Directory
- Overview
- Dynamically adjust Join strategy
-
- principle
- Actual combat
- Dynamically Optimize Skewed Join
-
- principle
- Actual combat
Overview
broadcast hash join
is similar to broadcast variable
in Spark shared variables. If Spark join can adopt this strategy, the join performance will be the best.
- Adaptive Query Execution (Adaptive Query Execution)
- Dynamically adjust Join strategy
- principle
- Actual combat
- Dynamically Optimize Skewed Join
- principle
- Default environment configuration
- Change setting
- Dynamically adjust Join strategy
Dynamic adjustment of Join strategy
In fact, limitations in production, especially in factories, when designing tables, are not so reasonable.

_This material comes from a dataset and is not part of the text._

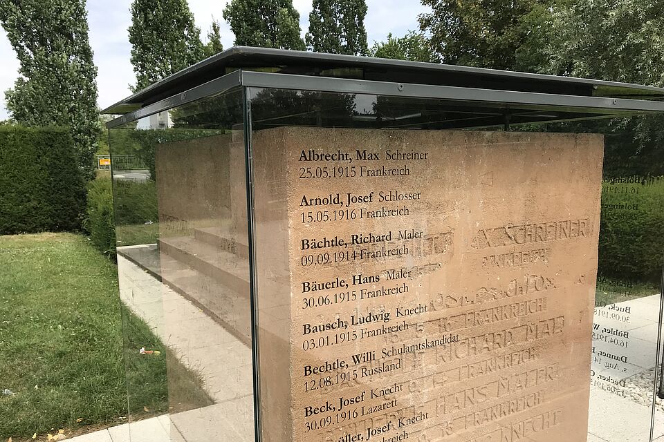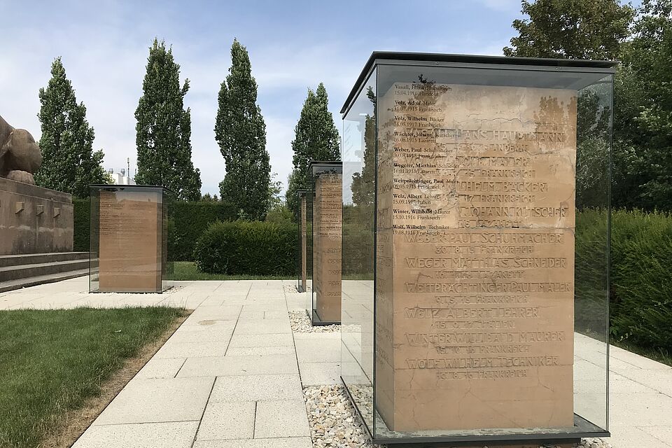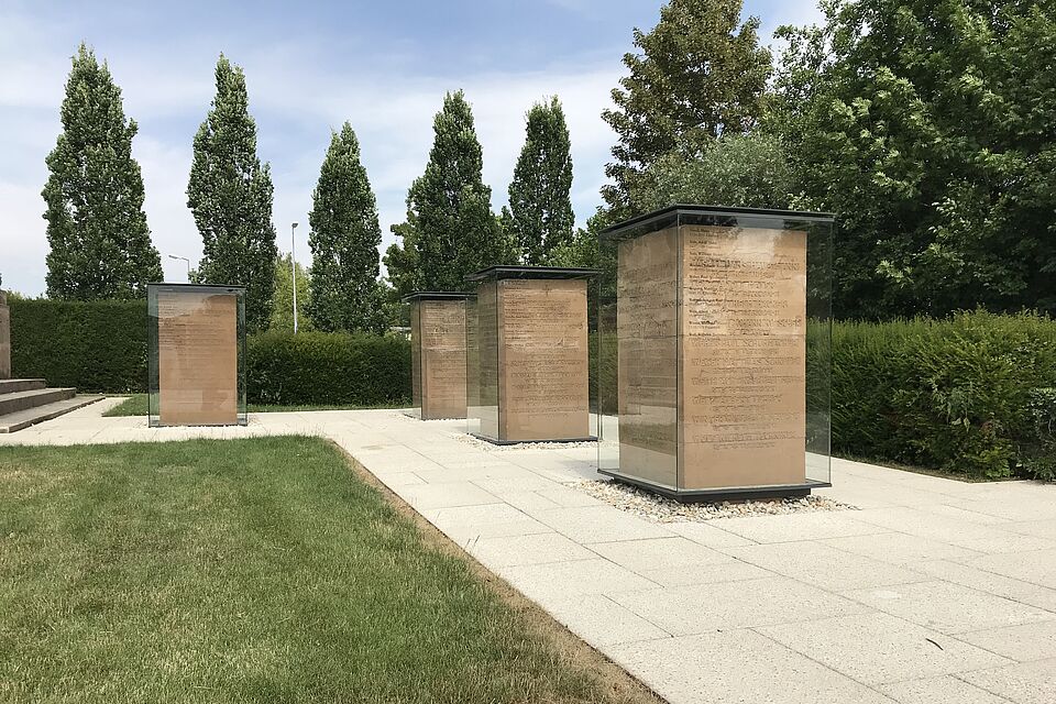 Um die Schriften in den quaderförmigen Stelen zu schützen und wieder lesbar zu machen, wurde Raumeinsichten gebeten, sich ein Konzept hierfür zu überlegen. Vandalismus resistente VSG – Scheiben wurden in die ausgeklügelt belüftete Metallkonstruktion eingesetzt. Die bedruckte Folie sitzt zwischen den Scheiben.

As a result, this situation is rare and difficult to adjust.
Principle
AQE can convert sort-merge join
into broadcast hash join
, provided that the join table is smaller than the adaptive broadcast hash join
threshold.
After the adaptive query execution mechanism is turned on, the join strategy can be re-planned based on the most accurate data indicators at runtime to dynamically adjust the join strategy.
Look at the picture below:
During the subsequent testing process, you can see the execution graph of spark sql.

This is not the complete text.